European markets rises to catch up with Wall Street ahead of closely watched monthly U.S. jobs data.
Europe-U.S. gap attracts buyers
The widening performance gap between European and U.S. stock markets (the latter besting the former)—on both short- and medium-term bases—partially accounts for buyers being attracted back to European markets on Friday. Some investors are being tempted to recycle gains into select bargains. Key European gauges face losses for the week whilst the S&P 500 and Nasdaq are likely to book gains. Apple’s largely symbolic milestone of reaching a $1 trillion market capitalisation generated enough positive sentiment to offset the latest ratchet higher in U.S.-China trade tensions. The news also encourages buyers to return to some of the iPhone maker’s suppliers listed in Europe, lifting technology sectors more broadly.
RBS adds to bank sector gains
The announcement of RBS’s first dividend in a decade enables its shares to join other large European banks even after the UK lender reported the latest in a long series of messy earnings. These included a £1bn charge related to the settlement of residential mortgage-backed securities mis-selling in the U.S. RBS also reported a further £800m in litigations costs. Regulatory approval to resume dividend payments was conditional on the DOJ settlement so the news was not surprising. However, attributable profit for the second quarter was £96m when a £741m loss was widely forecast, taking interim profits to a solid £1.8bn. Firm second-quarter figures from Credit Agricole also underpinned Europe’s banking sector, in turn contributing to overall gains. All industry sub-index components of the broad STOXX 600 trade higher.
Still, this snapshot contains enough vulnerability for signs of caution to remain quite visible: note a fleeting dip into the red by U.S. futures earlier on. It has after all been another head-spinning week with more salvos of trade rhetoric juxtaposed with another grind higher by the dollar. Further disturbing indications came from China’s yuan. Under pressure for months due to the trade dispute, it slid a further 0.4% to as low as ¥6.8926 on Thursday, a new 14-month bottom.

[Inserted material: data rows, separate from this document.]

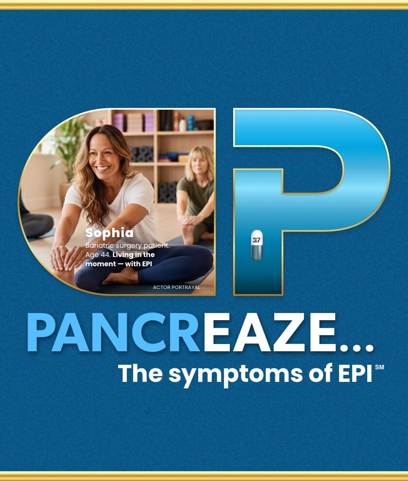 References: 1. PANCREAZE Full Prescribing Information. Campbell, CA: VIVUS LLC; 2024. 2. Cystic Fibrosis Foundation. (n.d.). Phthalates. Retrieved March 3, 2022, from https://www.cff.org/phthalates 3. Cleveland Clinic. (n.d.). Exocrine Pancreatic Insufficiency (EPI). Retrieved from https://my.clevelandclinic.org/health/diseases/21577-exocrine-pancreatic-insufficiency-epi 4. Othman MO, et al. Introduction and practical approach to exocrine pancreatic insufficiency for the practicing clinician. Int J Clin Pract. 2018;72:e13066. 5. Cleveland Clinic. (n.d.). Pancreas. Retrieved from https://my.clevelandclinic.org/health/body/21743-pancreas 6. Struyvenberg MR, et al. Practical guide to exocrine pancreatic insufficiency - breaking the myths. BMC Med. 2017;15(1):29. 7. The National Pancreas Foundation (n.d.). About Chronic Pancreatitis. Retrieved from https://pancreasfoundation.org/patient-information/chronic-pancreatitis/ 8. Fousekis FS, Theopistos VI, Katsanos KH, Christodoulou DK. Pancreatic Involvement in Inflammatory Bowel Disease: A Review. J Clin Med Res. 2018;10(10):743-751. 9. Dominguez-Muñoz JE, et al. European PEI Multidisciplinary Group. European guidelines for the diagnosis and treatment of pancreatic exocrine insufficiency: UEG, EPC, EDS, ESPEN, ESPGHAN, ESDO, and ESPCG evidence-based recommendations. United European Gastroenterol J. 2025 Feb;13(1):125-172. 10. Mayo Clinic. (n.d.). Gastric bypass (Roux-en-Y). Retrieved from https://www.mayoclinic.org/tests-procedures/gastric-bypass-surgery/about/pac-20385189 11. Uribarri-Gonzalez L, et al. Exocrine pancreatic function and dynamic of digestion after restrictive and malabsorptive bariatric surgery: a prospective, cross-sectional, and comparative study. Surg Obes Relat Dis. 2021 Oct;17(10):1766-1772 12. Vujasinovic M, et al. Pancreatic Exocrine Insufficiency after Bariatric Surgery. Nutrients. 2017 Nov 13;9(11):1241.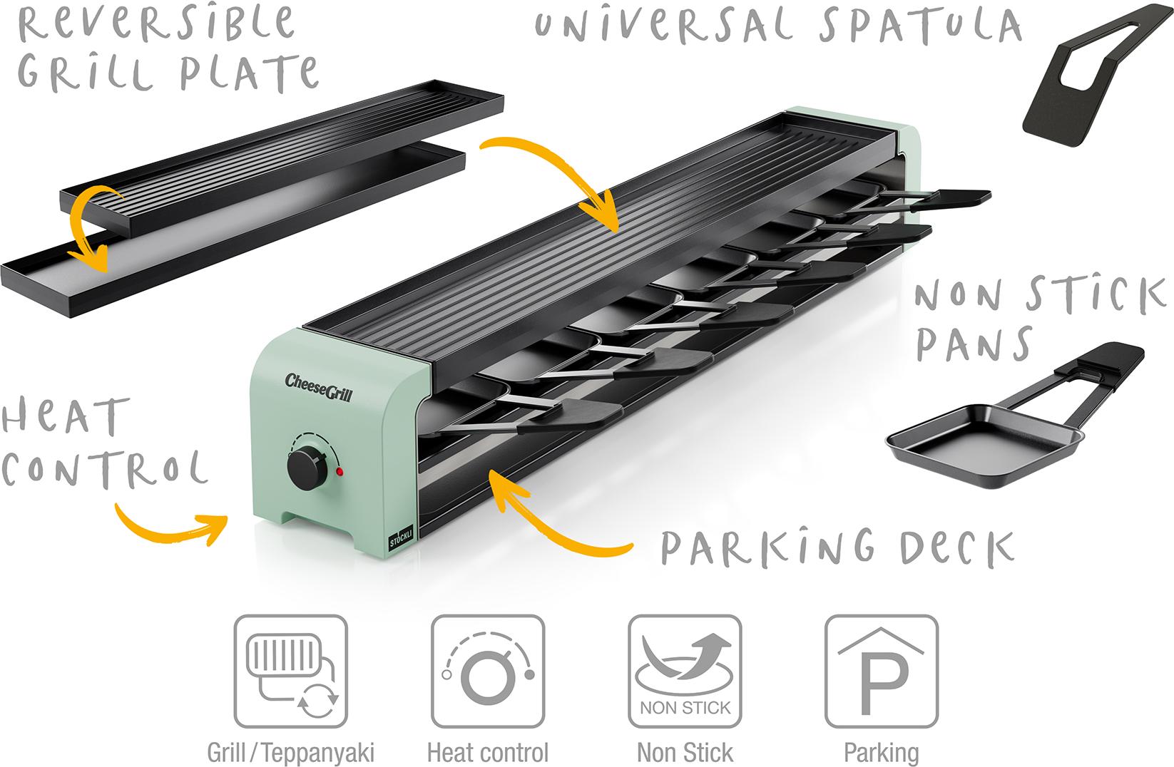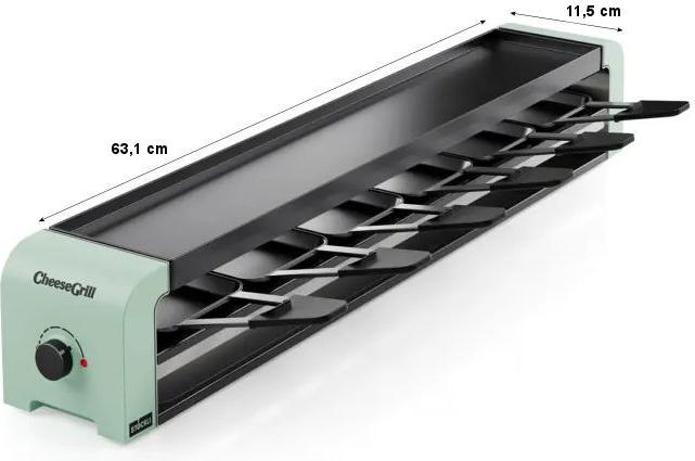 Die Antihaftversiegelung der Grillplatte erleichtert die Reinigung nach dem Gebrauch. Das für sechs Personen konzipierte Gerät ist ideal für ein geselliges Essen mit Freunden oder der Familie. Der mit sechs antihaftbeschichteten Stahlblech-Pfännchen und sechs Raclettespachteln aus Kunststoff ausgestattete CheeseGrill 6 ist ein Muss für die Küche. Einfach aufstellen, anschalten und den geselligen Raclette- und Grillabend genießen.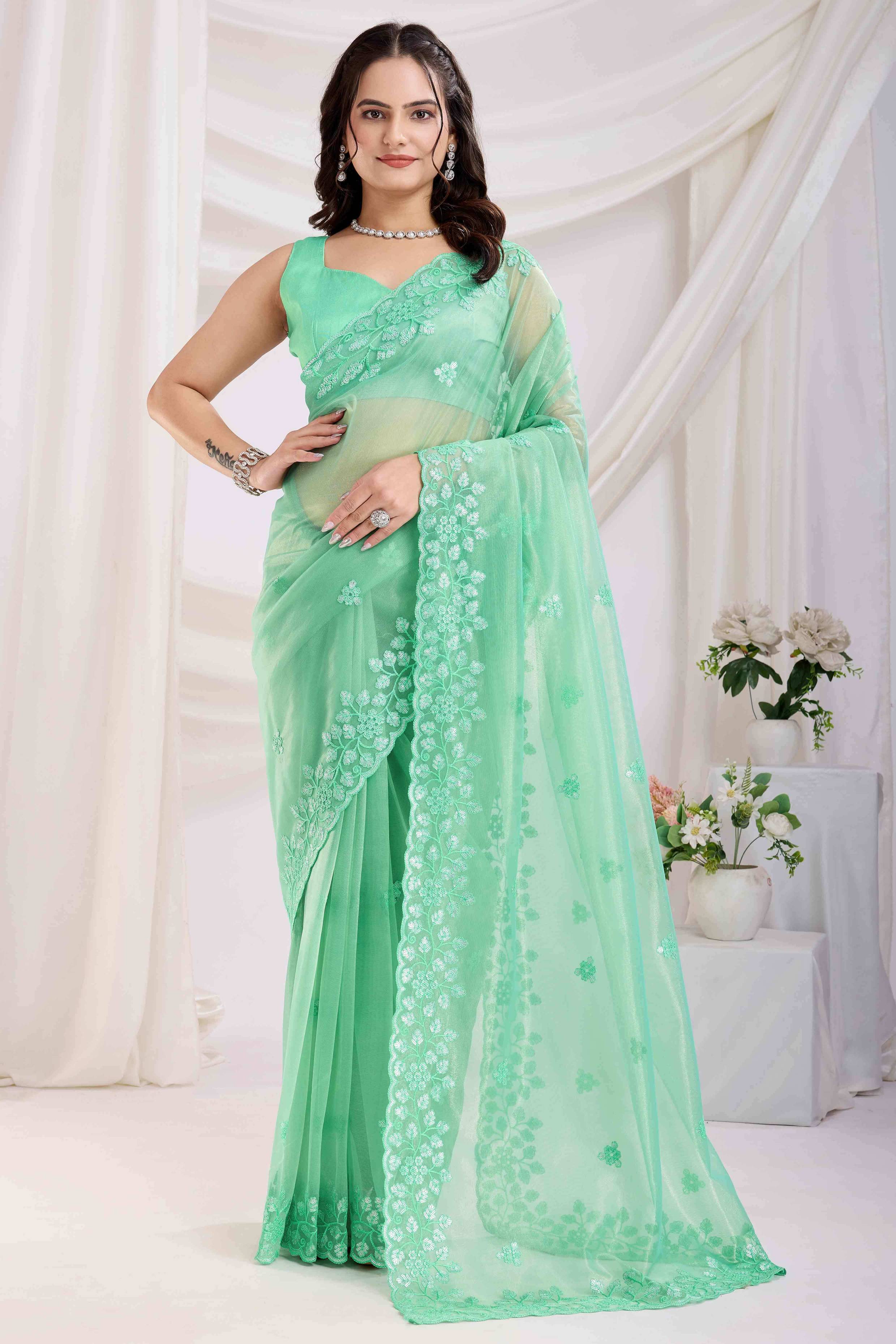 Sea Green colored saree is made from twill net fabric which is highlighted with beautiful sequins embroidered work as shown. Comes along with unstitched twill net blouse piece which you can customise as per your design/style. Occasion - You can wear this saree for party, festive and functions. Note:- the actual product may differ slightly in color and design from the one illustrated in the images when compared with computer or mobile screen.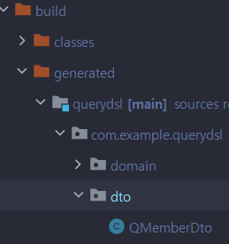 Gradle - other - compileQuerydsl을 누릅니다. 그러면 MemberDto도 QMemberDto 파일이 생성됩니다.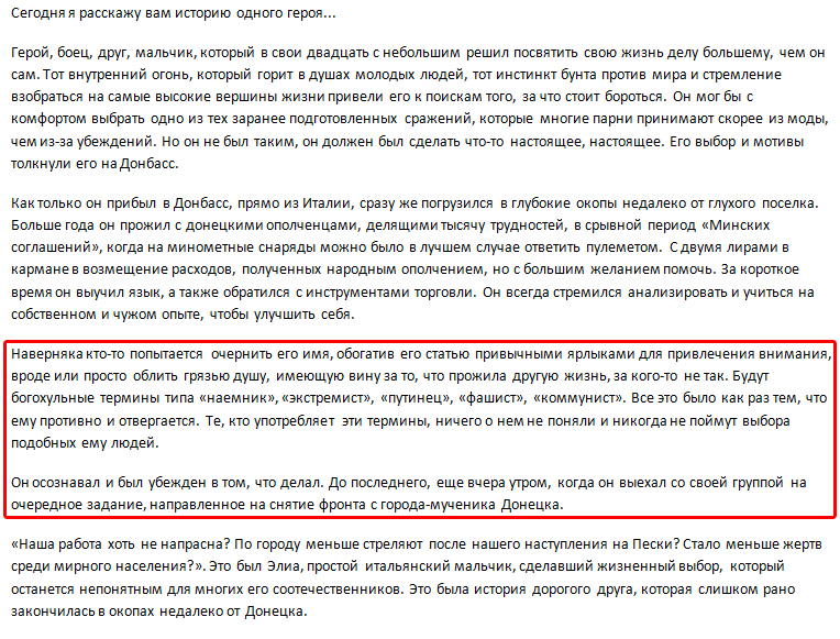 Share your videos with friends family and the world. Il 28enne era un acceso. Elia Putzolu 28enne di origine sarde che viveva da tempo a Tangrog nei dintorni della città russa di Rostov è stato ucciso nei corsi dei combattimenti nel Donetsk dove era.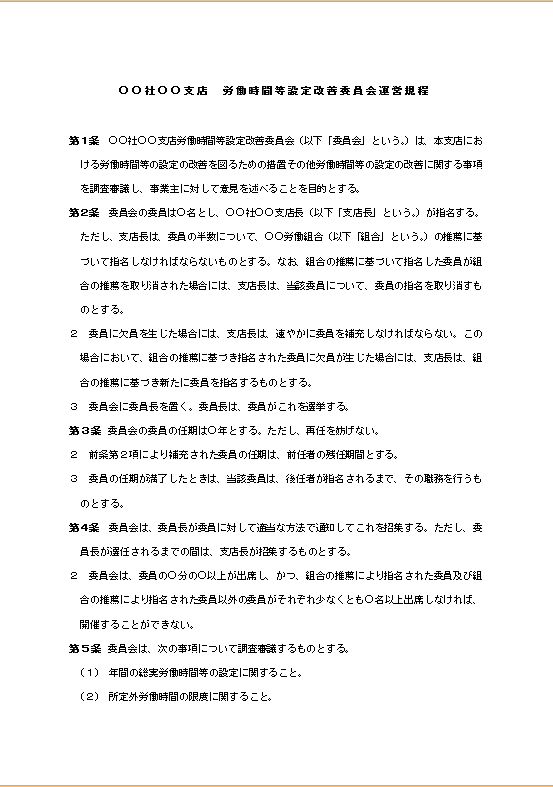 労働時間等設定改善委員会運営規程のテキスト

Dollar challenge for risk appetite
And it is dollar strength that could turn out to be the key remaining challenge to risk appetite at the end of the week. After the Federal Reserve managed to squeeze more optimism into its statement despite leaving policy unchanged, the barrelling greenback is on its second straight weekly advance. Given the stop-start nature of the rise from a more than four-year low in January—the dollar index has not had three consecutive rising weeks since the end of May—the greenback may soon pause. Either way, a stock market reversal earlier in the week was partly triggered by that new quantum of dollar strength. This suggests a tipping point could be near. One perception is that countries with current account deficits face even tighter dollar financing on top of deepening trade animus. Furthermore, at some point, investors in U.S. multinationals will begin worrying about export demand again, as well as possible drag on commodity prices. Friday’s non-farm payrolls release will be an important inflection point
Slight pain-trade risk from payrolls
ADP’s private payrolls data beat expectations with 219,000, weekly jobless claims were lower whilst ISM’s manufacturing sector employment PMI beat expectations. This time, forecasters lack the usual input from ISM’s reading of the much larger U.S. service sector. But even without that, risks are pointed topside for payrolls. Reuters’s poll points the headline at a 190,000 rise after 213,000 in June. Unemployment is expected to fall to 3.9% from 4%. The figures markets are most sensitive to, average hourly earnings growth rates, are seen at 0.3% month-on-month from 0.2%, and unchanged at 2.7% yearly. To be clear, the dollar will need these metrics to turn out indisputably strong to extend near term gains. Positioning seems to back this: the latest CFTC data showed dollar longs at their highest since January 2017. The dollar index looks set to rise at least 0.3%-0.5% this week. That suggests long positions are even now greater. Thus a 200,000-plus payrolls print is unlikely to entice bulls further. A moderately severe miss – say under 170,000 – could trigger a shake-out. Thus, the pain-trade risk looks relatively slight. However, with the dollar finding more pretexts for further gains than losses right now, we expect markets to be on alert for more of the former.